## Exercise aim
Everything from the line with "Vintage, botânica, boho, chic, caligrafia, cardápio" through the final line of the listing below must be retyped exactly, apart from the pictures.

## Source data
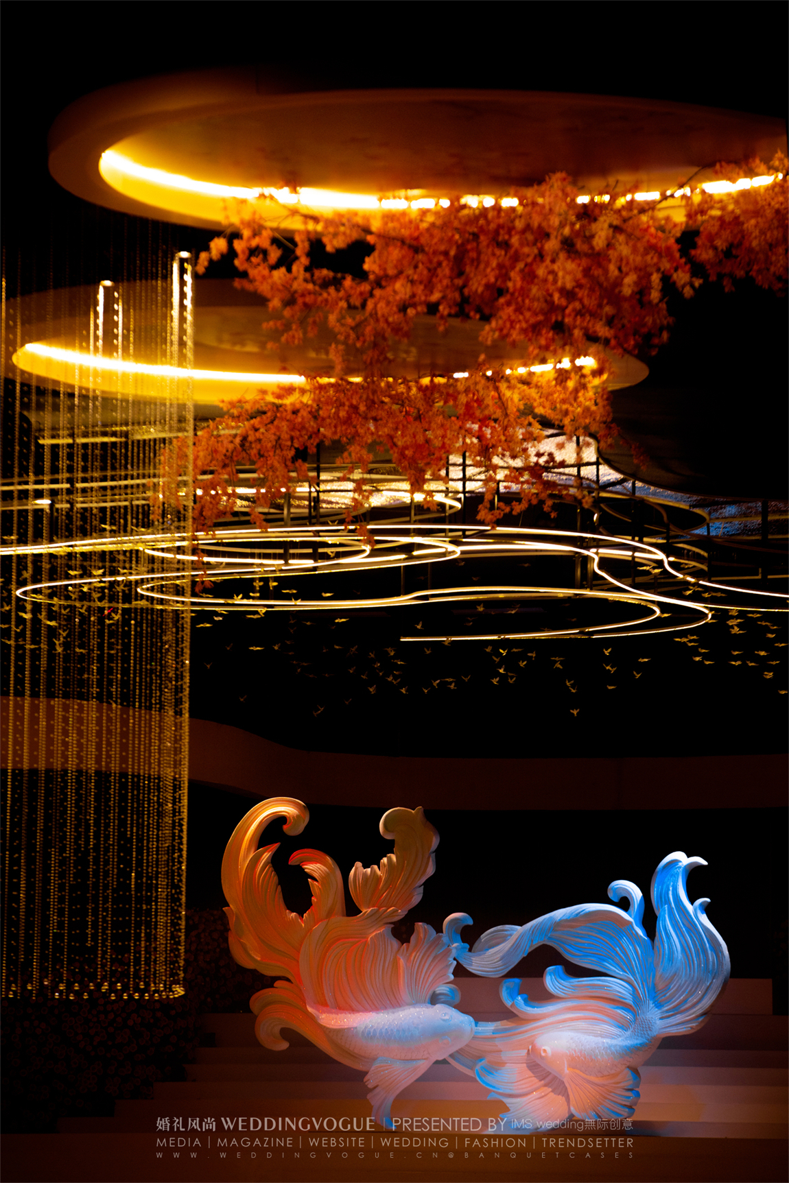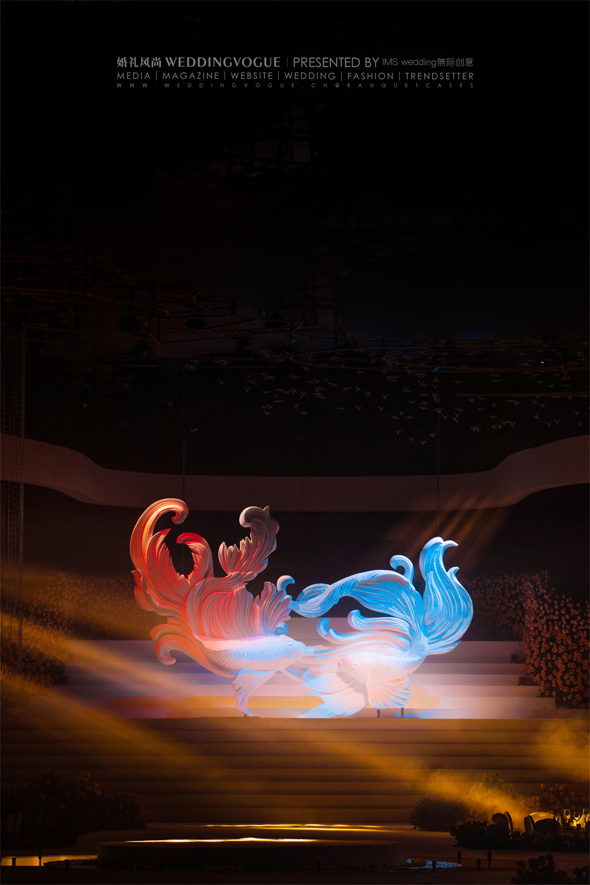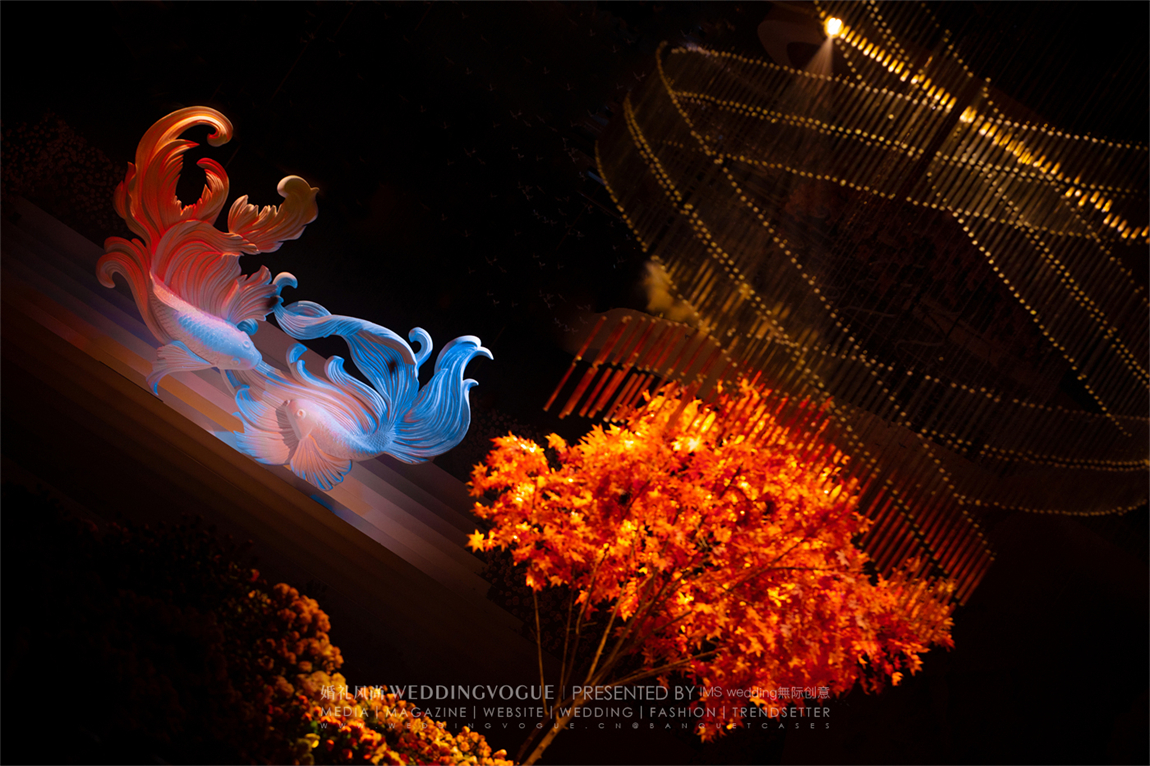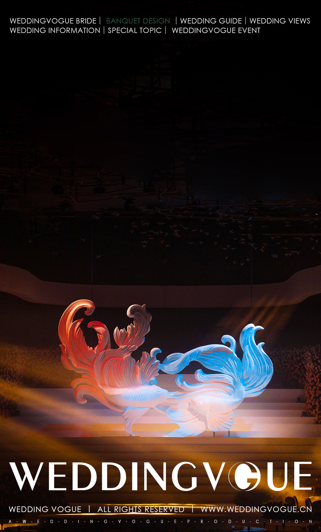 于是,设计师将秀场风融入中式场景色,主背景用了两条代表爱情忠贞和寓意招财旺运、提振家运象征的斗鱼。
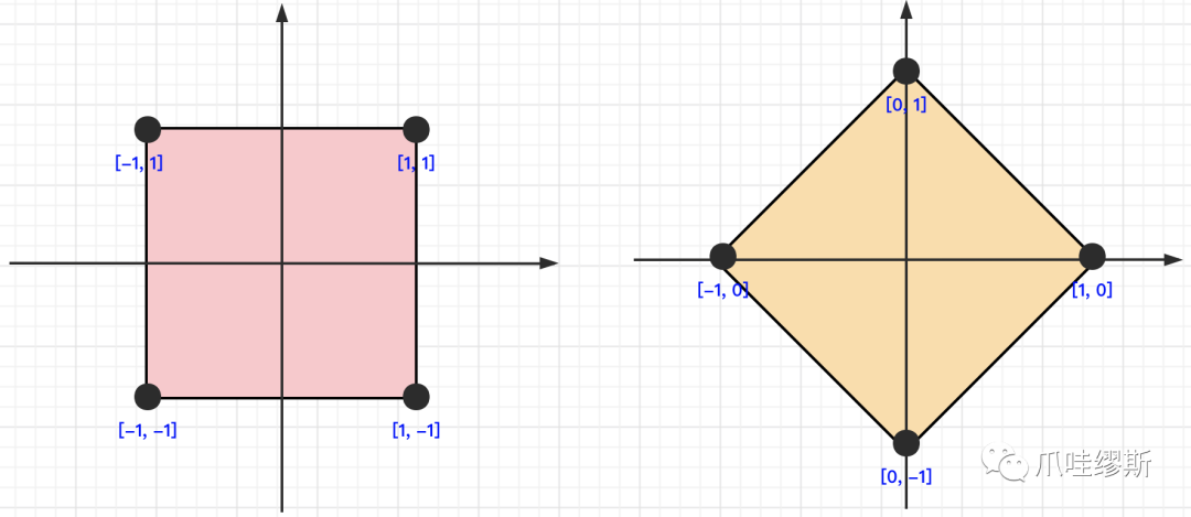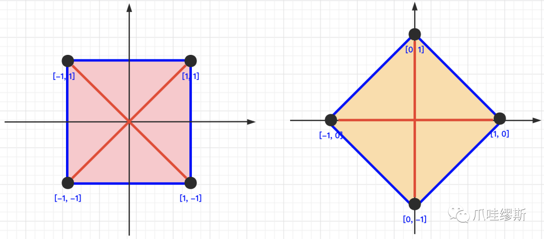 根据题意,会传入四个点的x轴和y轴的坐标。由于四个点的坐标都是整形,并且输入也不是按照任何顺序给出的。那么我们可以假设有如下集中正方形图形。一个是“端正”的正方形图形,另一个是有“旋转”的正方形图形。对于有旋转的正方形,我们求其对角线就会很方面,通过节点[-1, 0]与节点[1, 0]之间x轴相减并取绝对值即可;在通过节点[0, 1]与节点[0, -1]之间y轴相减并取绝对值即可;但是,对于“端正”正方形却无法采用这种方式。具体情况如下图所示:
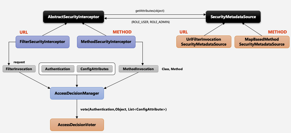 FilterSecurityInterceptor, MethodSecurityInterceptor 모두 AccessDecisionManager 에게 권한정보를 넘겨주는 것이 목적이다.
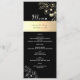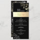 Vintage, botânica, boho, chic, caligrafia, cardápio de casamento moderno, elegante, preto e dourado com rendas florais douradas.
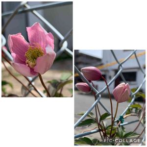 駐車場脇の花壇🌷 モンタナ ルーベンス満開です 風にふわふわと揺れる姿が可愛いです😍💕
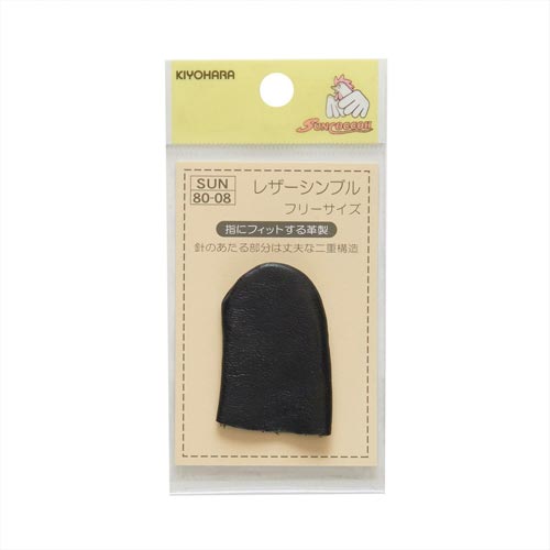 指にフィットするレザーシンブル。針のあたる部分は革が2重になっています。 |

## Solution to this exercise
 Vintage, botânica, boho, chic, caligrafia, cardápio de casamento moderno, elegante, preto e dourado com rendas florais douradas.
 駐車場脇の花壇🌷 モンタナ ルーベンス満開です 風にふわふわと揺れる姿が可愛いです😍💕
 指にフィットするレザーシンブル。針のあたる部分は革が2重になっています。 |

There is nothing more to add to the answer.